Information supplied:
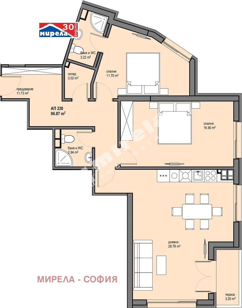Предлагания 3-стаен апартамент е със следното разпределение: коридор, дневна с кухненски бокс и трапезария, две спални, две бани с тоалетна, склад и балкон.
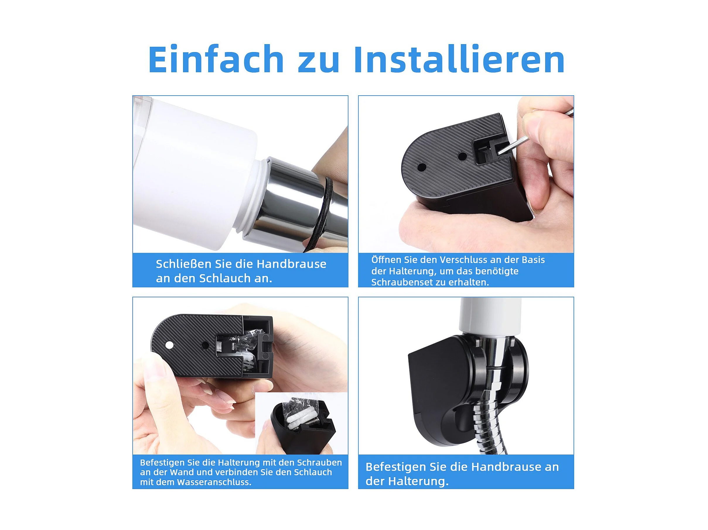 NETTLIFE Douchette à main noire douchette à économie d'eau avec 3 jets de forme carrée
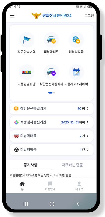 교통민원24 모바일 앱 메인화면이 변경되었습니다.
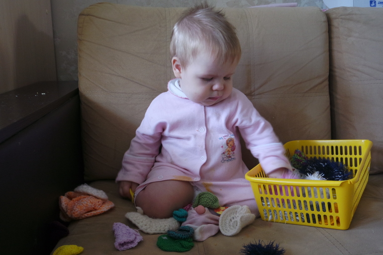 Мила долго сидит играет с коробками игрушек :выкладывает, перебирает, пробует на вкус, бросает, стучит...Был случай: Мила бросает по одной игрушке на пол ( а корзина была с мячами), я собрала с полу ( так как мячи разлетаются далеко от дивана) и положила на диван ... Мила зарычала и стала быстро их сталкивать назад))) А потом продолжила кидать оставшиеся мячи в корзине, но уже медленно и со вкусом)))
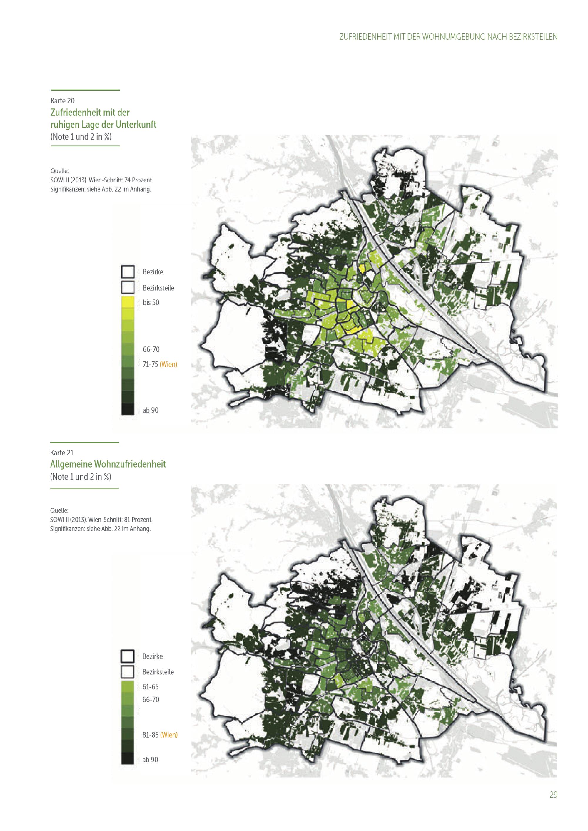 Lebensqualität in 91 Wiener Bezirksteilen : Bezirksprofile der Zufriedenheit mit der Wohnumgebung / Eigentümer und Herausgeber: Stadtentwicklung Wien, Magistratsabteilung 18 - Stadtentwicklung und Stadtplanung ; Datenanalysen, Karten, Text: Tobias Troger, MA, Ing. Mag. Johannes Gielge (MA 18 - Stadtforschung und Raumanalyse) ; Datenerhebung im Auftrag der Universität Wien: Institut für Empirische Sozialforschung (IFES) ; Projektleitung: Dr. Gert Feistritzer
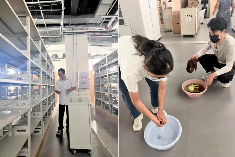 基礎(chǔ)部和圖書館全體教職工到圖書館進(jìn)行書架和書立除塵擦拭勞動(dòng)。在圖書館現(xiàn)場(chǎng),他們分工合作,認(rèn)真清掃,一起擦拭了圖書館168個(gè)2.2米高的書架,清洗擺放了2016個(gè)書立。盡管室內(nèi)環(huán)境悶熱,大家仍然干勁十足,除塵滌垢,積極投入,細(xì)致認(rèn)真,使書架變得干凈整潔,煥然一新,為新學(xué)期帶來(lái)了新氣象,在清潔圖書館的同時(shí)點(diǎn)亮了學(xué)院精神文明之光。
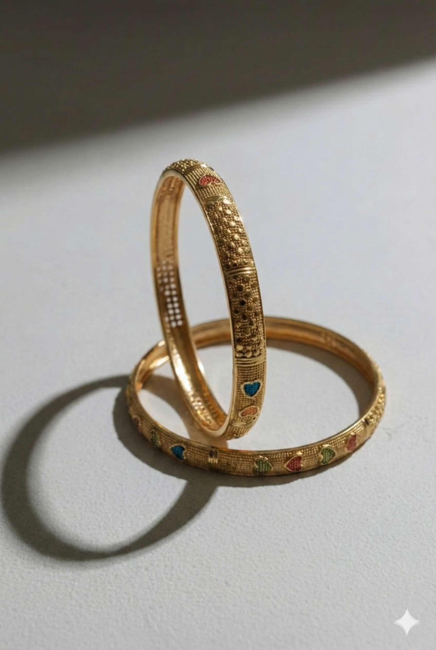 These exquisite bangles combine classic elegance with intricate craftsmanship, making them a perfect accessory for both traditional and contemporary outfits.
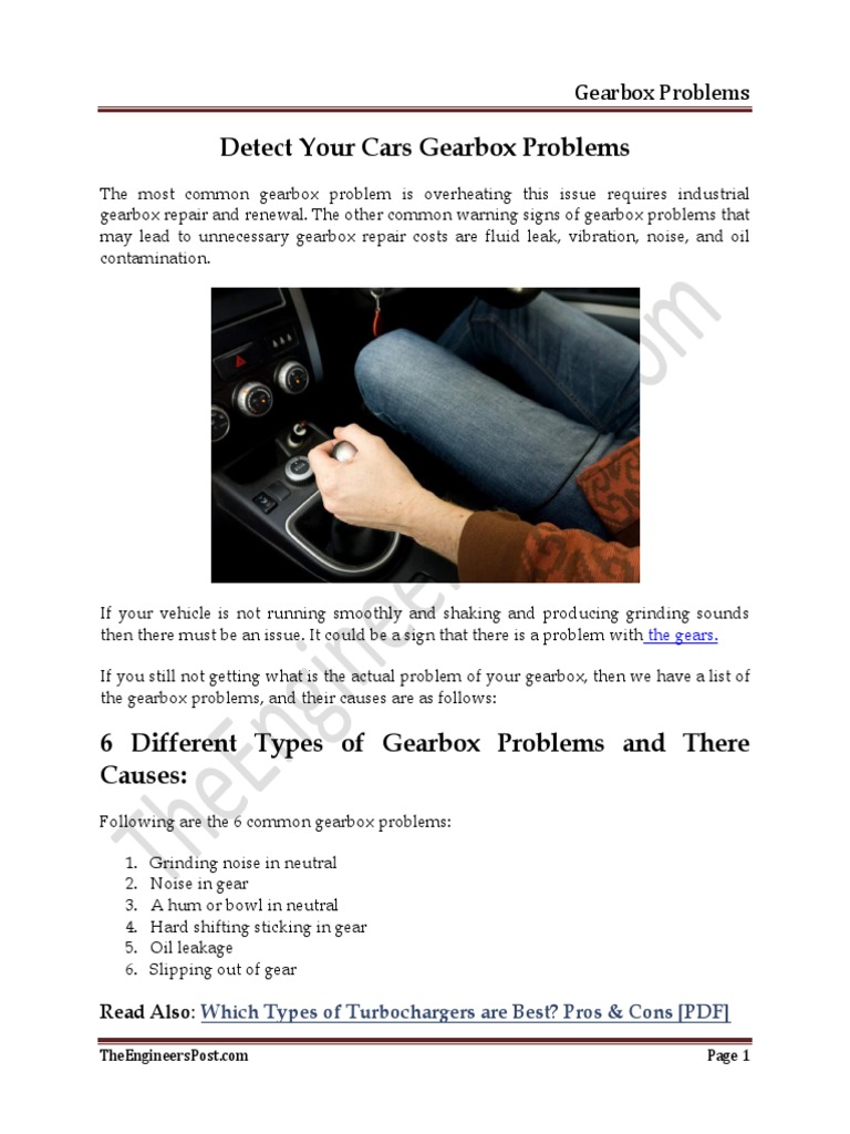 If you still not getting what is the actual problem of your gearbox, then we have a list of

How to complete this task: Final task for the records above: print exactly the lines from the one that contains "基礎(chǔ)部和圖書館全體" through the last line, both ends included, pictures excluded.

Written answer:
 基礎(chǔ)部和圖書館全體教職工到圖書館進(jìn)行書架和書立除塵擦拭勞動(dòng)。在圖書館現(xiàn)場(chǎng),他們分工合作,認(rèn)真清掃,一起擦拭了圖書館168個(gè)2.2米高的書架,清洗擺放了2016個(gè)書立。盡管室內(nèi)環(huán)境悶熱,大家仍然干勁十足,除塵滌垢,積極投入,細(xì)致認(rèn)真,使書架變得干凈整潔,煥然一新,為新學(xué)期帶來(lái)了新氣象,在清潔圖書館的同時(shí)點(diǎn)亮了學(xué)院精神文明之光。
 These exquisite bangles combine classic elegance with intricate craftsmanship, making them a perfect accessory for both traditional and contemporary outfits.
 If you still not getting what is the actual problem of your gearbox, then we have a list of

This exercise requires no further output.